Until recently one of the principles of the Code was a requirement that companies have an independent member on the supervisory or management board. Recently a similar requirement was introduced into the Lithuanian Law on Companies. According to the law, 1/3 of the members of the supervisory board (or 1/3 of the management board that performs supervisory functions) of listed companies must be independent. The criteria for independence are also provided in the law.
As far as committees are concerned, under the Code, companies listed on the regulated market should form at least nomination, remuneration, and audit committees.
Committees should exercise independent judgment and integrity when performing their functions and provide the collegial body with recommendations concerning the decisions of the collegial body. Committees should normally be composed of at least three members, although subject to the requirements of the legal acts, committees may be comprised only of two members as well. Members of each committee should be selected on the basis of their competencies by giving priority to independent members of the collegial body. The chair of the management board should not serve as the chair of committees.
7.2. Any other ESG considerations
There are no formal requirements related to ESG except for the requirement that large listed companies with an average number of employees exceeding 500 prepare a Social Responsibility Report as part of the annual reporting. This report shall cover matters related to the protection of the environment, social and staff issues, protection of human rights, and prevention of corruption and bribery.

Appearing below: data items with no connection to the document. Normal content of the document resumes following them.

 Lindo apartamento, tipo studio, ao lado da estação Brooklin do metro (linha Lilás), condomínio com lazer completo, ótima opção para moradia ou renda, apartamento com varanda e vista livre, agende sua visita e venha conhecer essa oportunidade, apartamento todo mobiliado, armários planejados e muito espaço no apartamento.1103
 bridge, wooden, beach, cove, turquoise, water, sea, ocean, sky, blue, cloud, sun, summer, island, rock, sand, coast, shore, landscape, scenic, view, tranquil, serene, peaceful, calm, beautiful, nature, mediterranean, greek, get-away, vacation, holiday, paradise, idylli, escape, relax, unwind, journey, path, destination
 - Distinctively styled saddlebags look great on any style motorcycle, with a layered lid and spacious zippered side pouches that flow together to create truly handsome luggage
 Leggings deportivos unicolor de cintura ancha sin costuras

There are no new regulations and requirements related to ESG for the year 2023, however on December 14, 2022 a directive regarding corporate sustainability reporting came into effect, whose rules shall apply for financial years starting on or after January 1, 2024 (applicable to issuers exceeding on their balance sheet dates the average number of 500 employees during the financial year).

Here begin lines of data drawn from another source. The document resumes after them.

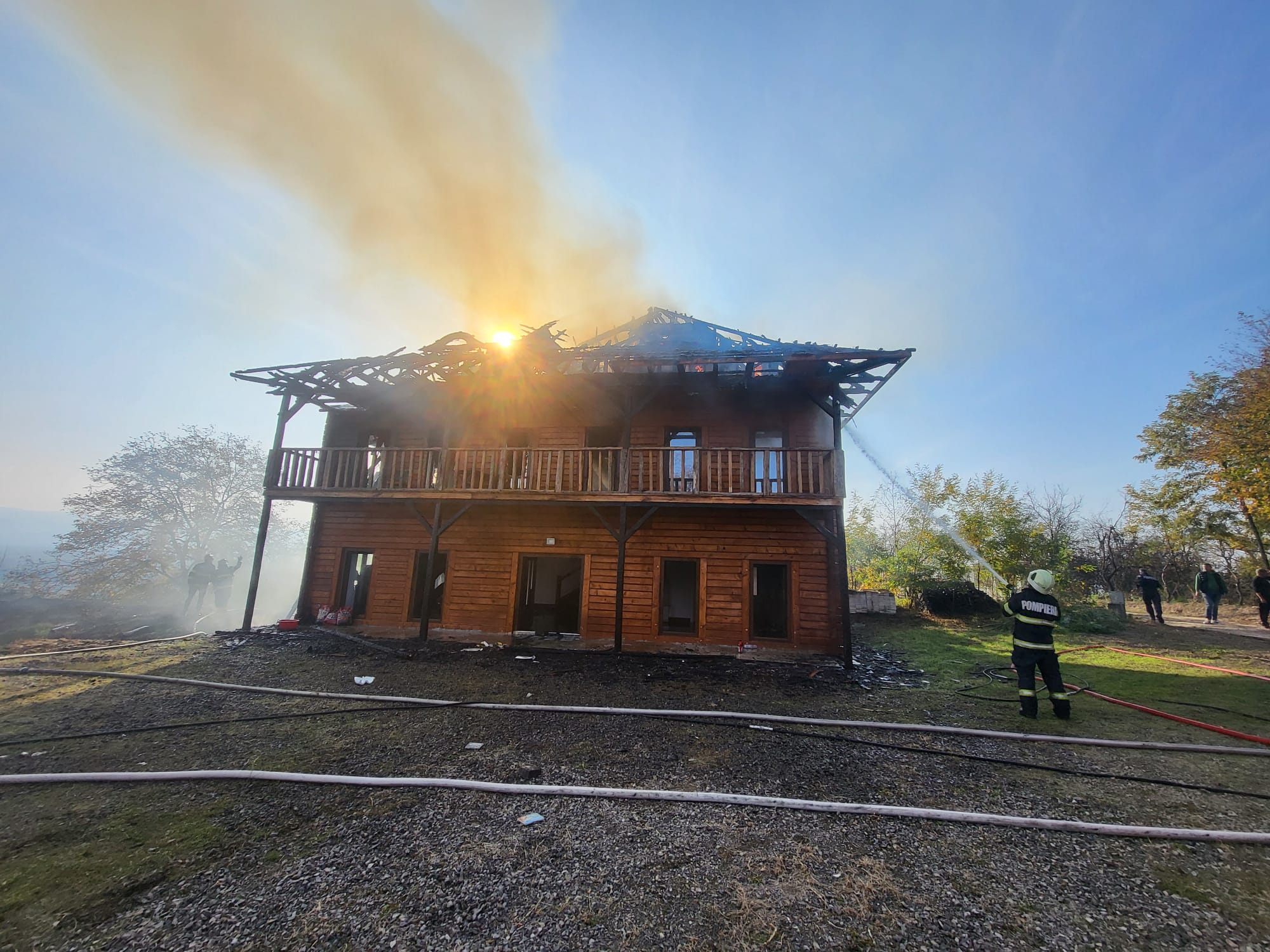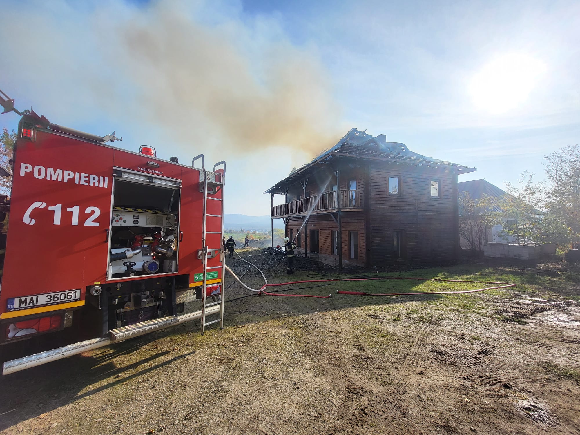 Ajunse la fața locului, echipajele de intervenție au constatat că incendiul se manifesta violent la nivelul acoperișului pe o suprafață de aproximativ 100m².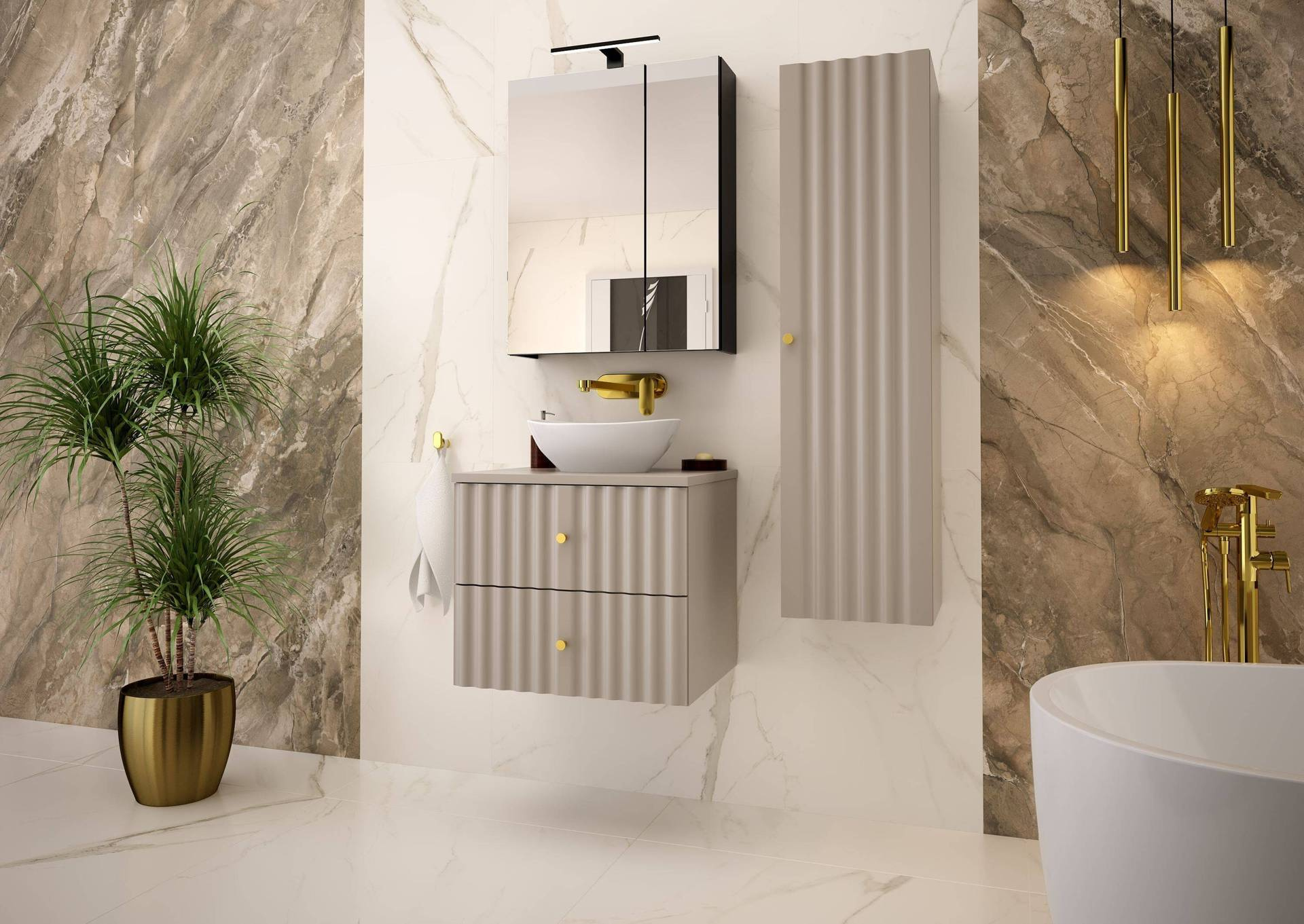 Elegancka szafka z umywalką od Megstyl, oferująca nowoczesny design w kolorze kaszmir. Wyposażona w metalowe uchwyty w kolorze szczotkowanego złota, cichy domyk oraz nablatową umywalkę z ceramiki sanitarnej. Idealna do stylowych łazienek.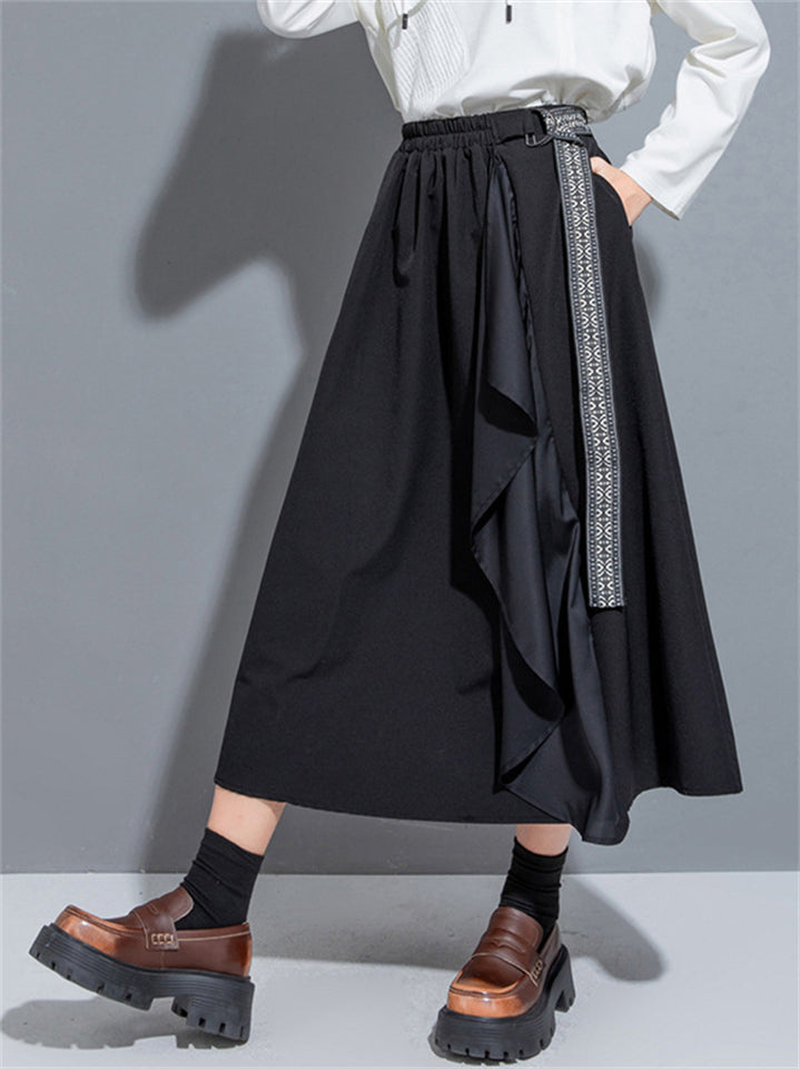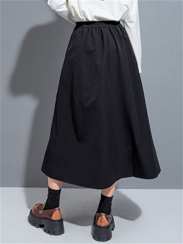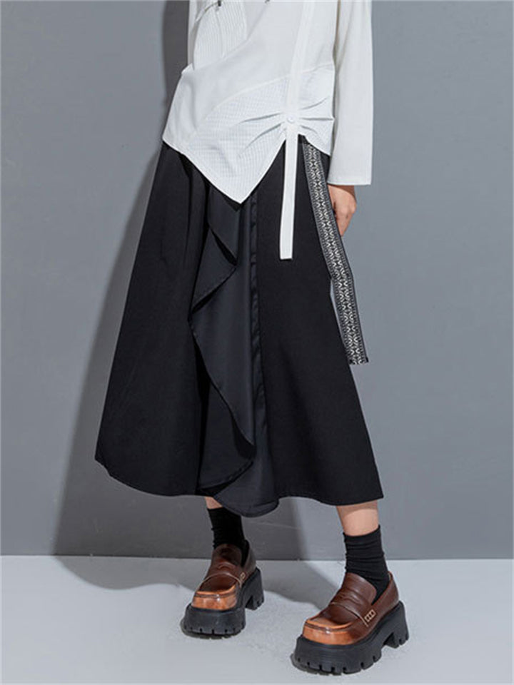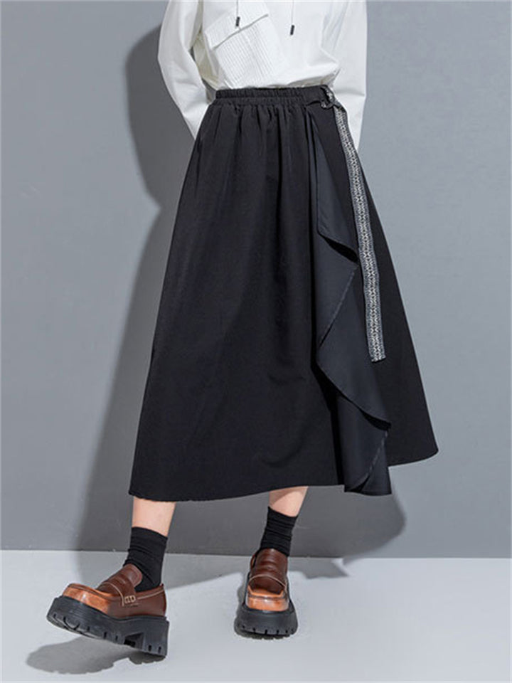 Women's Loose Solid Color Patchwork Asymmetric Skirt

8. Ongoing Reporting Obligations (Life as a Public Company)
8.1. Annual and interim financials
As discussed above, issuers listed on the regulated market must prepare and publish annual and semi-annual (or quarterly financial) reports prepared according to the International Financial Reporting Standards (this requirement does not apply to certain issuers, e.g., issuers of debt securities with denominations of not less than EUR 100,000).
8.2. Ad hoc disclosures
In addition to the above, issuers are obliged to make public disclosures in accordance with requirements of Regulation (EU) No 596/2014 on market abuse which, amongst other items, regulates public disclosure of inside information and disclosure of manager’s transactions.

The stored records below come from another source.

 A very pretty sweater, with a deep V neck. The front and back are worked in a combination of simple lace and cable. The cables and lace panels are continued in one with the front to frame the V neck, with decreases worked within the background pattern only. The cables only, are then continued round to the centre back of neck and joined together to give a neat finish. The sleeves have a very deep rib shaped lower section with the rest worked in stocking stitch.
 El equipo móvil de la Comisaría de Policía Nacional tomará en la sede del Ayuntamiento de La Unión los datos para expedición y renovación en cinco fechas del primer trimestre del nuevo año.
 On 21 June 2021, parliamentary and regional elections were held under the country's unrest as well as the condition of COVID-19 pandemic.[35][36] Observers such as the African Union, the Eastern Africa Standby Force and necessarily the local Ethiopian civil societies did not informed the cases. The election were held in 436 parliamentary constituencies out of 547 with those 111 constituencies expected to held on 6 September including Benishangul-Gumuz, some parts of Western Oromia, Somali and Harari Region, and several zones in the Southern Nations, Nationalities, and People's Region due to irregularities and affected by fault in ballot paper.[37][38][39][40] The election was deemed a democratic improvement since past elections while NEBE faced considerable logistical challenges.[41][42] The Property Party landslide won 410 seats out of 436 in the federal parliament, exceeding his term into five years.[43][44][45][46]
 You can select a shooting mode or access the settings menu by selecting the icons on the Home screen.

Besides that, the issuers must disclose information about any person who has acquired 5%, 10%, 15%, 20%, 25%, 30%, 50%, 75%, or 95% of the voting rights in that issuer. This obligation also applies where the specified limits are exceeded in descending or ascending order. A similar obligation also applies with respect to persons holding other types of financial instruments (e.g., options, swaps, etc.) that under the terms of those instruments give rise to the acquisition of voting rights.
The issuers also must disclose acquisitions and transfers of their own shares (votes), changes to the rights attached to the financial instruments issued by the issuer, and changes to its constitutive documents (e.g., Articles of Association). Special rules and disclosure regimes also apply in relation to takeover, sell-out, and squeeze-out events. These requirements are generally in line with rules established by Directive 2004/25/EC on takeover bids.